### REQUIREMENT:
Where the listing below has a line with "Camice con collo", write out exactly that line and every line after it, stopping after the line with "Nexcare Bandages Active".

### PROVIDED DATA:
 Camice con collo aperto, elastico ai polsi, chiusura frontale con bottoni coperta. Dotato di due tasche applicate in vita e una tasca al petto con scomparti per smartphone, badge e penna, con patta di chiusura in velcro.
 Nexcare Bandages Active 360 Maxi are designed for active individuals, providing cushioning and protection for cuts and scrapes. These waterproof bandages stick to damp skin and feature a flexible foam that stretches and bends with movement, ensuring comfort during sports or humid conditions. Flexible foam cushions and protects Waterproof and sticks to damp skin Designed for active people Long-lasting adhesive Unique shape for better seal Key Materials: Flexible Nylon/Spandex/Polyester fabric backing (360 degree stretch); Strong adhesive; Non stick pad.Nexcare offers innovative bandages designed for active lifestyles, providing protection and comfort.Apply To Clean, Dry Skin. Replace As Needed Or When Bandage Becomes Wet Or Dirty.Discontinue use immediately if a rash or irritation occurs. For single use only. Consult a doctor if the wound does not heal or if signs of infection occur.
==
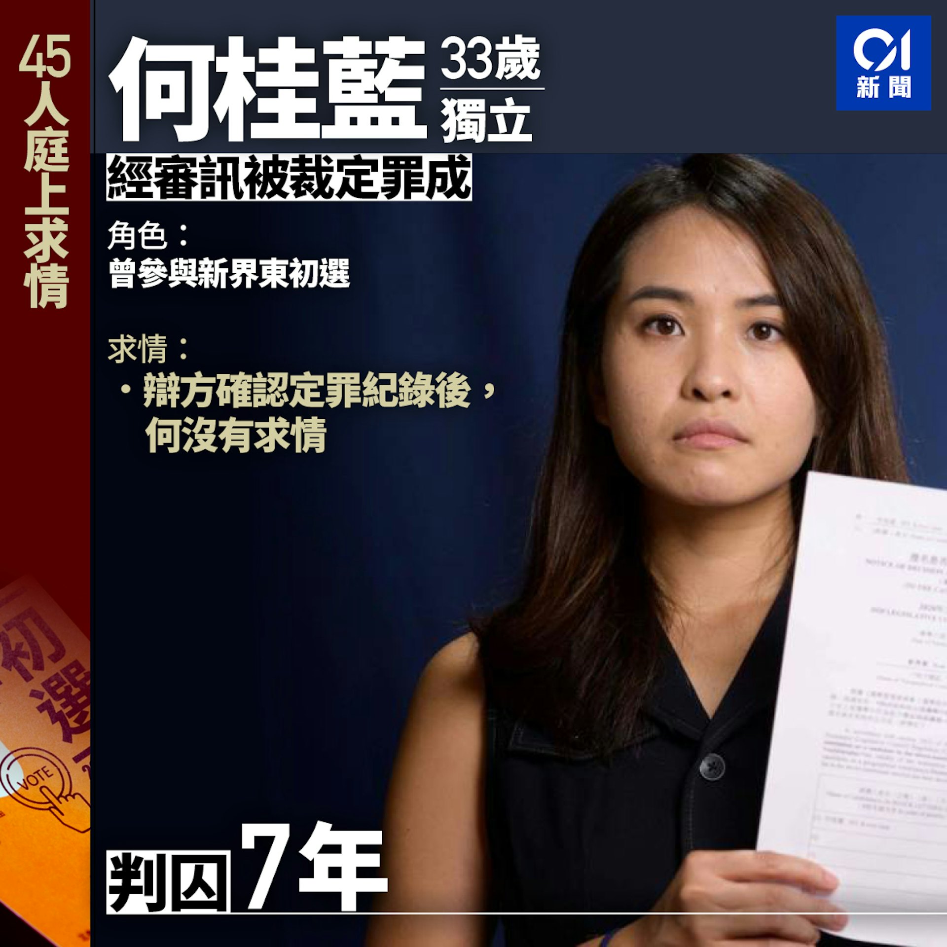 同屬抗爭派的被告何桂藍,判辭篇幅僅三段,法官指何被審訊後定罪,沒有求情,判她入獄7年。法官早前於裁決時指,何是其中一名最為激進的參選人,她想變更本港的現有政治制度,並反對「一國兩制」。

### SOLVED PROBLEM:
 Camice con collo aperto, elastico ai polsi, chiusura frontale con bottoni coperta. Dotato di due tasche applicate in vita e una tasca al petto con scomparti per smartphone, badge e penna, con patta di chiusura in velcro.
 Nexcare Bandages Active 360 Maxi are designed for active individuals, providing cushioning and protection for cuts and scrapes. These waterproof bandages stick to damp skin and feature a flexible foam that stretches and bends with movement, ensuring comfort during sports or humid conditions. Flexible foam cushions and protects Waterproof and sticks to damp skin Designed for active people Long-lasting adhesive Unique shape for better seal Key Materials: Flexible Nylon/Spandex/Polyester fabric backing (360 degree stretch); Strong adhesive; Non stick pad.Nexcare offers innovative bandages designed for active lifestyles, providing protection and comfort.Apply To Clean, Dry Skin. Replace As Needed Or When Bandage Becomes Wet Or Dirty.Discontinue use immediately if a rash or irritation occurs. For single use only. Consult a doctor if the wound does not heal or if signs of infection occur.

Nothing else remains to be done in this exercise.